Lukas Wartman, MD, a leukemia doctor and researcher, developed the disease himself. Colleagues sequenced his cancer genome and instead treated him with a kidney cancer drug. Without the sequencing data, doctors say he likely would not have survived.Photo by Robert Cohen / St. Louis Post-Dispatch

Precision therapy

In one clinical study, Lukas Wartman, MD, a patient with leukemia, had relapsed twice and run out of options. Institute researchers sequenced his genome and discovered a mutation that might be treatable instead with a kidney cancer drug already on the market. Wartman, who is now an assistant professor in the Department of Medicine and an assistant director at the institute, took the drug and was able to attain remission, allowing him to receive a stem cell transplant. Without the sequencing data, Wartman’s doctors say he likely would not have survived.

“Soon, we’re going to see an era where patients are monitored much more closely, their diagnoses are much more precise and individualized and, hopefully, their outcomes are much better,” Mardis said. “Side effects will be diminished. The days of one-size-fits-all therapeutics will be gone.”

To fulfill the promise of putting genomics into clinical practice, Wilson said, philanthropy is crucial.

“There is not a lot of support at this time for clinical genomic testing of cancers because it’s still in its infancy,” he said. “To take it to the next level and really touch more patients, we’ve got to have gifts like the McDonnells bring.”

 
 
Obi Griffith, PhD, and Malachi Griffith, PhD.
Photo by Robert Boston

More data is better.

 

Solving a 6-billion-piece puzzle

Twins streamline the “big data” of genetics to aid clinical care

As sequencers churn out human genome data faster, and researchers better understand which “mistakes” in the genetic code lead to disease, a question remains: how to interpret and catalog the 6 billion letters of our genetic code so that clinicians can use it?

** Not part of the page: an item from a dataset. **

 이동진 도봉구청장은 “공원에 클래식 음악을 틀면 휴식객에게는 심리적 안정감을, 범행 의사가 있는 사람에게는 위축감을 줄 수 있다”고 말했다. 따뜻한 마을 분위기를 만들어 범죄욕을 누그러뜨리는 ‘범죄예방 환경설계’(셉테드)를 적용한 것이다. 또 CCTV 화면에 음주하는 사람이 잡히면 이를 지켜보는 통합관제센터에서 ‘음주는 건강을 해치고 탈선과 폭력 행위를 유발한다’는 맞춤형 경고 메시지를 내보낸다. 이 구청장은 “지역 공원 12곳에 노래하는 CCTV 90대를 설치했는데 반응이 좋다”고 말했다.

Obi Griffith, PhD, and Malachi Griffith, PhD, are identical twins and members of the McDonnell Genome Institute. They are streamlining information for clinicians and patients to aid in disease diagnosis and potential drug therapies. The brothers’ interest in pairing drugs with genetics is as much personal as it is scientific. Their mother died of breast cancer just weeks before they graduated from high school.

“The more data the better,” said Malachi Griffith, assistant professor of genetics in bioinformatics and associate director at the institute. “But our current capacity to deal with it means that it can often seem like too much to handle. The data is incredibly complex, and a lot of it is still unfamiliar to people practicing medicine.”

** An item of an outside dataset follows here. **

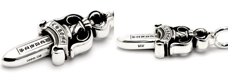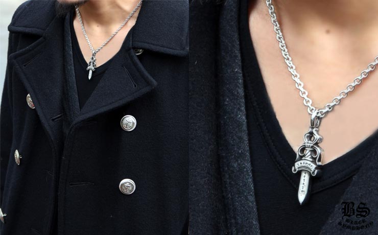 ペーパーチェーンネックレスや、NEチェーンネックレスを通して身に着けることを前提として作られたアイテムで、まるで本物のダガー(短剣)を思わせるような立体的フォルムが特徴。両面に彫り込まれた【CHROME HEARTS】の刻印でブランドアピールも表現されて、まさにクロムハーツらしいペンダントに仕上がっている。

To date, the brothers and a team of software developers have launched two open-source websites, the Drug-Gene Interaction Database and the Database of Curated Mutations.

“With these tools, oncologists don’t have to read 100 papers,” said Obi Griffith, assistant professor of medicine and assistant director at the institute. “They can just get the final end product, the recommendation or the actionable statement.”